Thanks, maestrowhit - I completely agree with you, and for much the same reasons you outline in your forum thread.

I express it thusly - God is Love. Perfect Love casteth out fear. Therefore, anything which generates fear is not of God.

Tom Cornett profile image

Tom Cornett 7 years ago from Ohio

As for Me...I worship the Great Colonel of Chicken. The evil Gumby crawled under his beard, bit him and turned him into an eraser! Than dammnated Gumby was a spy for Lee's Famous Recipe! The Colonel is a rubber head now but his power is still present in his 34 million chicken eating followers.

We all know where those Lee's people go when they die...don't we. Chicken HELL!

Davinagirl3 profile image

Davinagirl3 7 years ago


mindmatters profile image

mindmatters 6 years ago from South Africa

Only time will sort out this whole mess.
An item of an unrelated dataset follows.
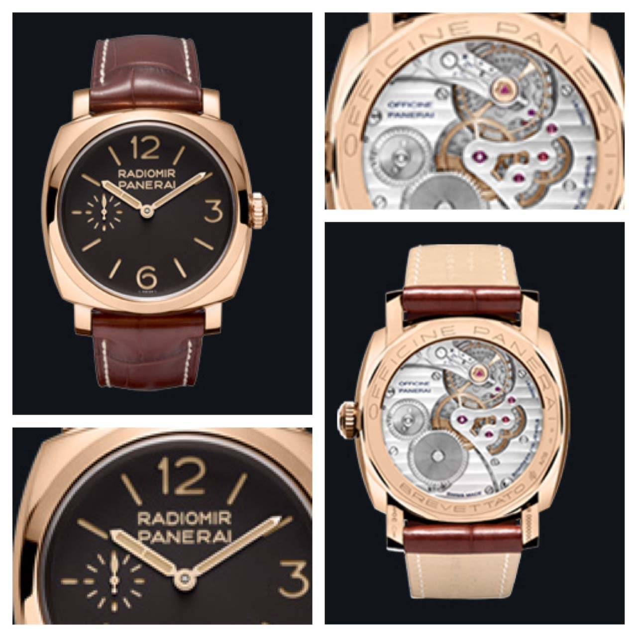 The dial is a dark brown which meshes perfectly with the red gold case and luminous hour markers and a brown Panerai personalized alligator strap with an 18k polished gold buckle. The Radiomir 1940 Oro Rosso features a see through crystal case back and is water resistant to 30 meters.

Those who believe will carry on their existence in heaven and those who don't believe will have eternity in hell to weigh up the merits of their debate about the place they find themselves in - a real heated debate.

Trish_M profile image

Trish_M 5 years ago from The English Midlands

Hi Inspirepub :)

Just found this, and, though I didn't believe in 'Hell' and 'damnation', anyway, I hadn't got around, yet, to checking the origins of these words.

Thanks for helping me out ~ brilliant! :)

davidkaluge profile image

davidkaluge 5 years ago

It will be wrong for anyone to accept your hub as fact because it is one of the various arguments for or against hell. This is because others have claims/proves to support the existence of hell. I can say that the old testament did not point much to hell. It started with new testament. I wrote a hub " why the need for hell" This is because some people are already suffering and are in hell here,on earth, while they may go to hell except they accept Jesus.If the bible wrongly translated, why not correct it.

davidkaluge profile image

davidkaluge 5 years ago

Its a shame that while atheist say there is no God. Those that belief in God are not certain of his ways, laws, desires among others. It will be lovely if all Religion will speak with one voice for or against hell but it may never happen. I think the hell theory was invented to balance the theory of reward/heaven. It now seems sinners will only have to sleep forever without any punishment. People say the bible was just designed to control the masses. I think humanity have to learn to reason for themselves.